This Old House
It’s news to no one that national foreclosure filings—including default notices, auction sale notices, and bank repossessions—are on the rise. Such activity jumped 9% during the first six months of 2009, compared with the previous six months, according to RealtyTrac. One in every 84 U.S. housing units received a foreclosure filing during the first six months of 2009. Those statistics, though harrowing for struggling homeowners, spell opportunity for prospective buyers. During much of last summer, nearly a third of homes sold in the U.S. were “distressed” properties. “Because so few homes are selling right now, in some cases, property can be picked up for less than 30 cents on the dollar [compared with the previous sales price],” says Michelle Francis, an agent with Tim Francis Realty in Atlanta.
Compelling as they may sound, foreclosures and short sales can present unique challenges. Francis recommends steering clear of geographic areas fraught with foreclosures. “If you look down the street and half of the homes are in foreclosure, it’s probably not a good place to buy,” she cautions. In Atlanta, for example, Francis says investors should stay away from the condo and townhome market, both of which were overbuilt during the housing boom. “It will be a long time before those markets recover,” she says, noting that a buy-and-rent strategy (for someone looking to generate income from a rental property) may not always work in such cases. “Many times, in these developments, rentals are only allowed for 25% of the total units. You could end up on a multiple-year waiting list before you can rent out your property.”

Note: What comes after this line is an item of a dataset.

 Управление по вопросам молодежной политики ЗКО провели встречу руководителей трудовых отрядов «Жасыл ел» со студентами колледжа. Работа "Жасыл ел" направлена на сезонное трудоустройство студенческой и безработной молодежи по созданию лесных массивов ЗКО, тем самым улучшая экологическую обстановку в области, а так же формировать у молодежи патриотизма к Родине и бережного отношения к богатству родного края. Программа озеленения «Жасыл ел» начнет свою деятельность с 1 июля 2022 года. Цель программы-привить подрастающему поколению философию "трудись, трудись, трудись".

Certified distressed property expert George Durkin, a broker-manager with Las Vegas-based Realty Executives, says real estate investors who do their homework—and don’t try to time the market by looking for the perfect moment to buy—will have the best chance at success.
Rule No. 1 when buying a distressed property, Durkin says, is to ask the sellers for a due diligence period of seven days or more after making an offer. “Hire a professional home inspector, plus specialized inspectors to handle the roof, mold, pests, and other inspections to make sure the property doesn’t need any major repairs.” Why? Because you can’t be sure of the circumstances behind the former resident’s exodus. Also, foreclosures and short sales are typically sold as is and without warranties.

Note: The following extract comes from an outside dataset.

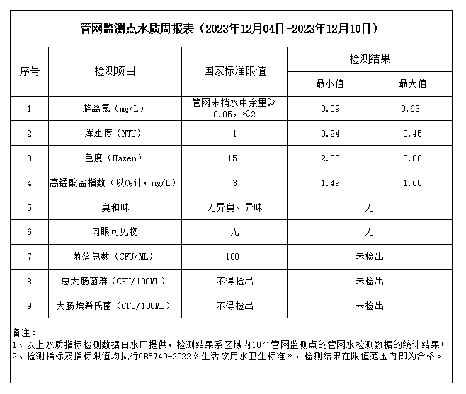 管網(wǎng)監(jiān)測點(diǎn)水質(zhì)周報(bào)表(2023年12月04日-2023年12月10日)

Figuring out exactly what you’ll pay in one of these nontraditional real estate deals is another challenge. Durkin advises buyers to work with their real estate agents to fully understand any counteroffers provided by the lenders, particularly in the case of a repo sale. “Many of these contracts are worded in ways that have the buyer paying for costs (such as property transfer taxes and other fees that the seller normally covers). That may not seem obvious at first glance,” Durkin warns. “Careful attention should be paid to what closing costs are going to be paid and timelines associated with the transaction closing.”
As with any type of investment, it’s best to speak with a financial planner, accountant, or other professionals before jumping into the distressed real estate market, especially if this is your first time. Go into the market with a long-term view. Flipping properties for a quick profit is a thing of the past. Poteat, who has been living in his new home since February, advises anyone looking to purchase a distressed property to line up a good real estate agent and reputable mortgage lender. “With short sales and foreclosures you’re going to deal with more headaches than you would with a traditional deal,” he explains. “You want people on your side that will go to bat for you and help you win.”

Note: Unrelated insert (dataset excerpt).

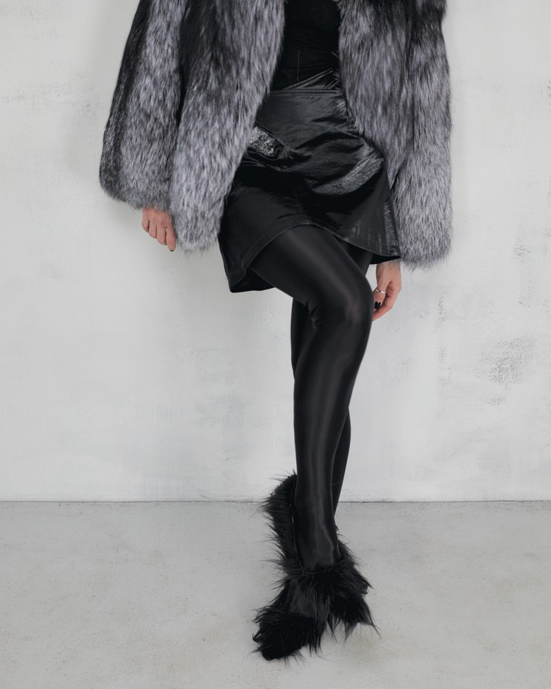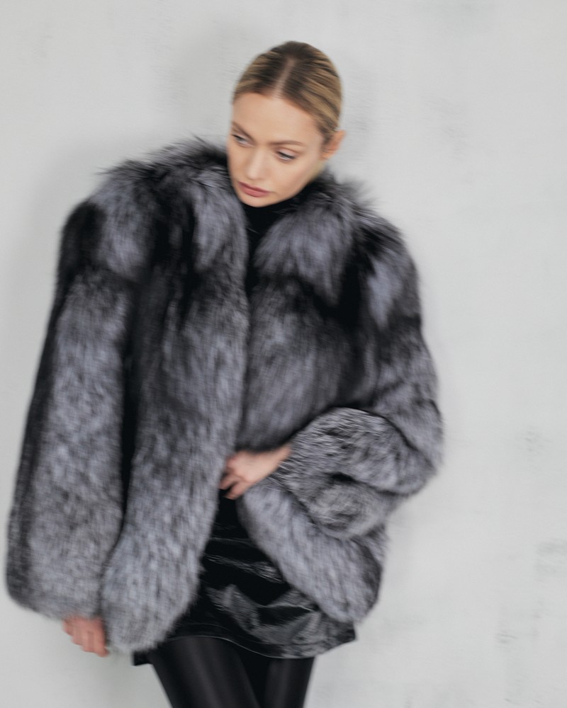 The fur coat is very warm and stylish.

The Do’s and Don’ts of Buying Distressed Properties
DO work with a real estate agent who has experience with distressed property sales.
DON’T buy property in a neighborhood that has foreclosure signs in almost every yard.
DO look for homes that have already been vacated.
DON’T be drawn in by super-low prices; the cheapest properties may present the greatest challenges.
DO – immediately after you make an offer – hire multiple inspectors to thoroughly assess the home.